[Provided data]
__________________________________________________
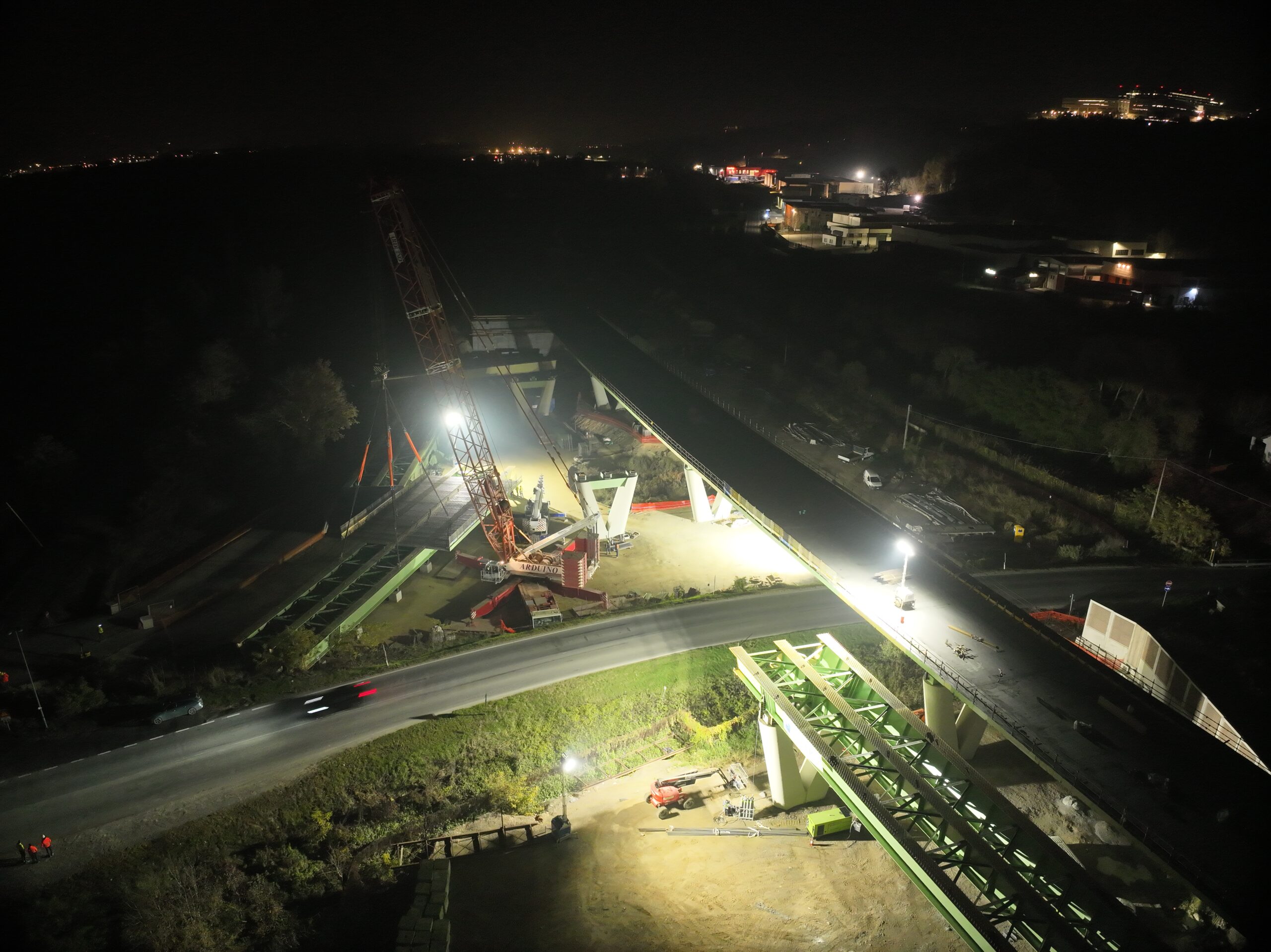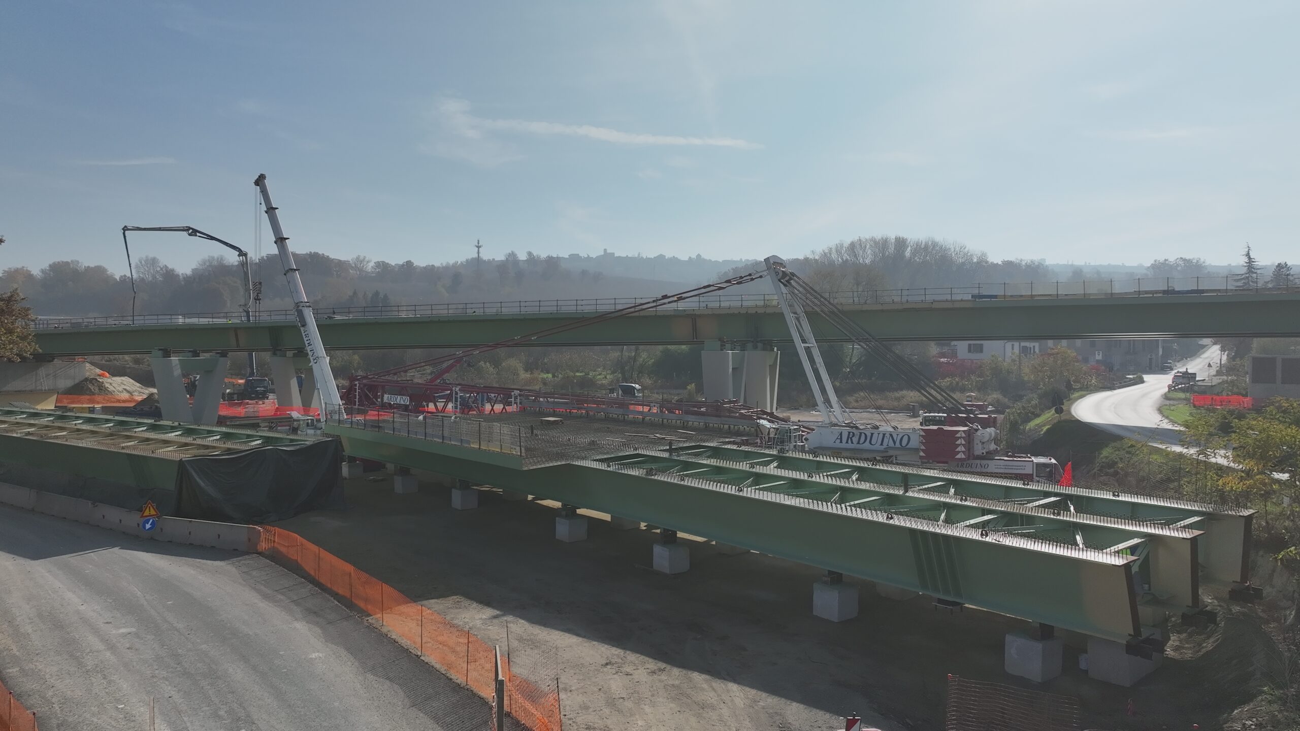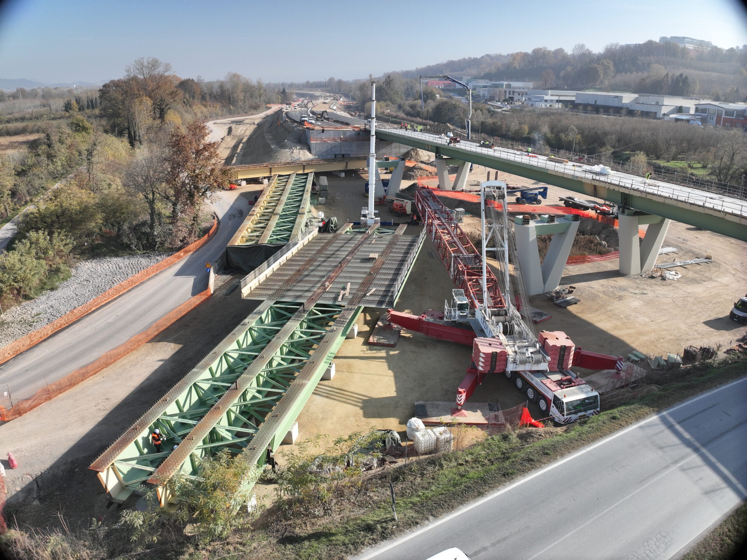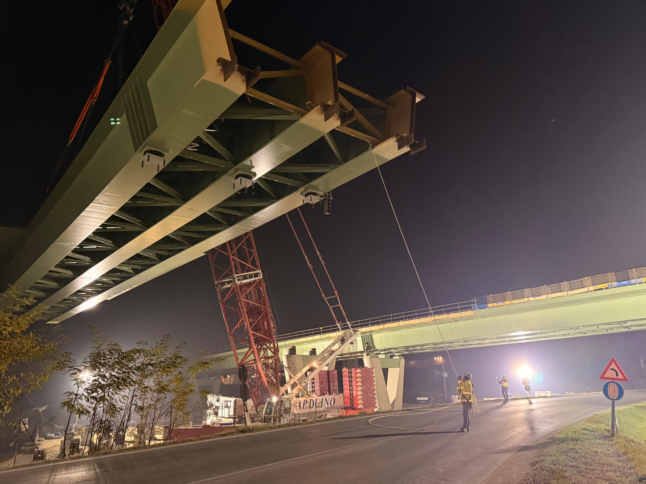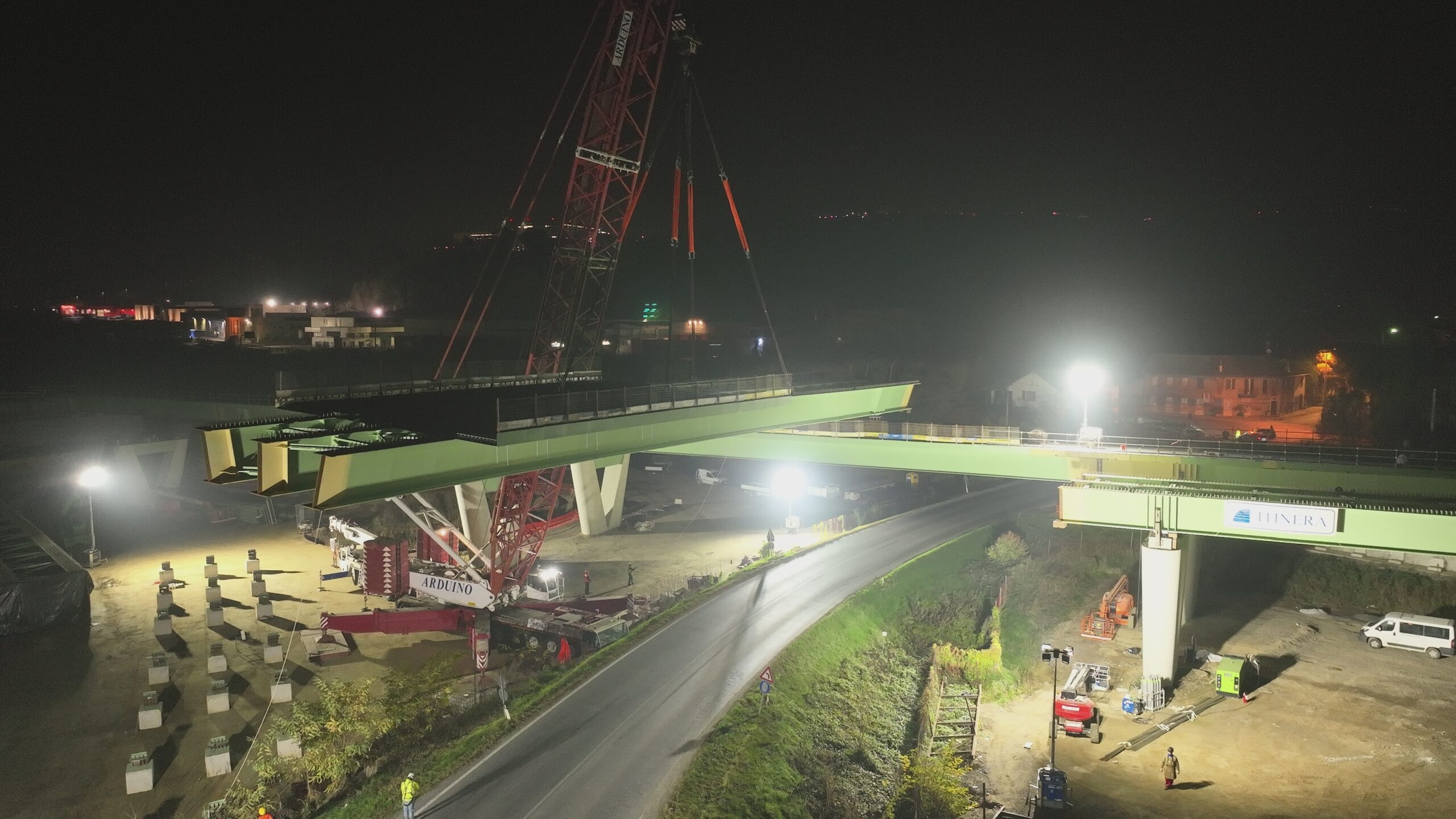 A33 – Nella notte tra il 10 e l’11 novembre è stato varato il secondo impalcato metallico del Viadotto SP7 ( Autostrada A33 ) in località Verduno in direzione Cuneo. Con una luce di 50,10 metri e un peso complessivo di circa 220 tonnellate, l’impalcato preassemblato a terra è stato sollevato da una gru da 800 tonnellate e posizionato mediante una lenta rotazione in quota. Come per il primo varo, l’elemento è stato installato con le predalles metalliche già montate, al fine di ridurre al minimo le interferenze con la viabilità nelle successive fasi di completamento.
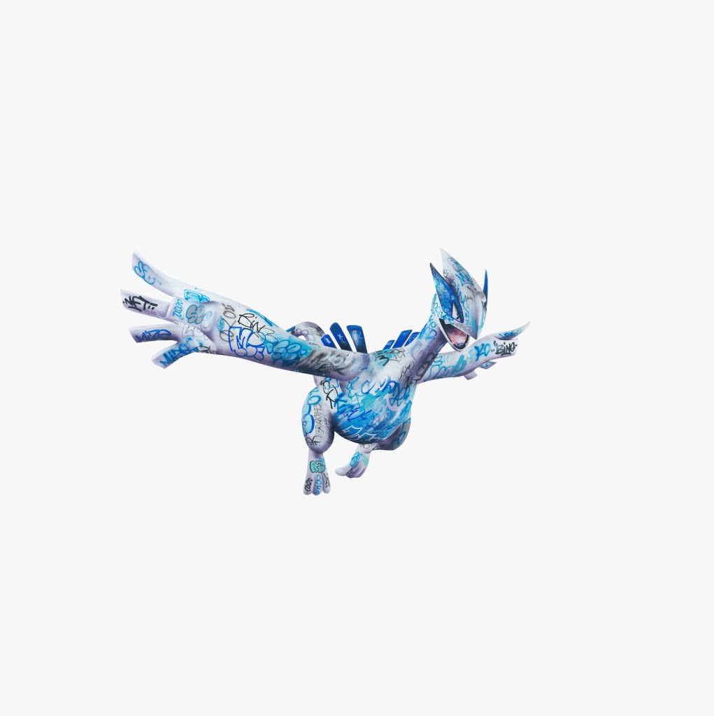 The world renowned OneMizer joined forces with SECR3T, a Paris and Lisbon-based marketplace specialized in NFTs, to present The Shining Vandalized Lugia Experience, starring a flying dragon-like creature in fun blues and pinks. On hand as well were the artist’s renditions of the Pokemon character and his series 90s Vibes which pays tribute to those beloved Gameboys.
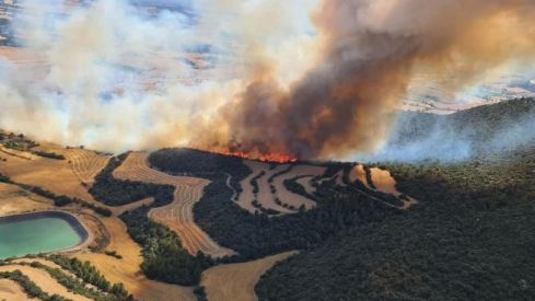 El fuego que quema en Artesa de Segre desde las cinco de la tarde de este miércoles continúa activo y ha afectado hasta ahora 75 hectáreas, mitad agrícolas mitad forestales, según los cálculos actualizados de los Agentes Rurales. Los Bomberos, que han aumentado las dotaciones para atacar las llamas hasta las 34 terrestres y las 12 aéreas, han explicado que el fuego ha cogido rápidamente fuerza y se ha propagado en dirección norte hacia el núcleo de la Força.
__________________________________________________
Every line of the material must be reproduced verbatim; the pictures are to be omitted.

 A33 – Nella notte tra il 10 e l’11 novembre è stato varato il secondo impalcato metallico del Viadotto SP7 ( Autostrada A33 ) in località Verduno in direzione Cuneo. Con una luce di 50,10 metri e un peso complessivo di circa 220 tonnellate, l’impalcato preassemblato a terra è stato sollevato da una gru da 800 tonnellate e posizionato mediante una lenta rotazione in quota. Come per il primo varo, l’elemento è stato installato con le predalles metalliche già montate, al fine di ridurre al minimo le interferenze con la viabilità nelle successive fasi di completamento.
 The world renowned OneMizer joined forces with SECR3T, a Paris and Lisbon-based marketplace specialized in NFTs, to present The Shining Vandalized Lugia Experience, starring a flying dragon-like creature in fun blues and pinks. On hand as well were the artist’s renditions of the Pokemon character and his series 90s Vibes which pays tribute to those beloved Gameboys.
 El fuego que quema en Artesa de Segre desde las cinco de la tarde de este miércoles continúa activo y ha afectado hasta ahora 75 hectáreas, mitad agrícolas mitad forestales, según los cálculos actualizados de los Agentes Rurales. Los Bomberos, que han aumentado las dotaciones para atacar las llamas hasta las 34 terrestres y las 12 aéreas, han explicado que el fuego ha cogido rápidamente fuerza y se ha propagado en dirección norte hacia el núcleo de la Força.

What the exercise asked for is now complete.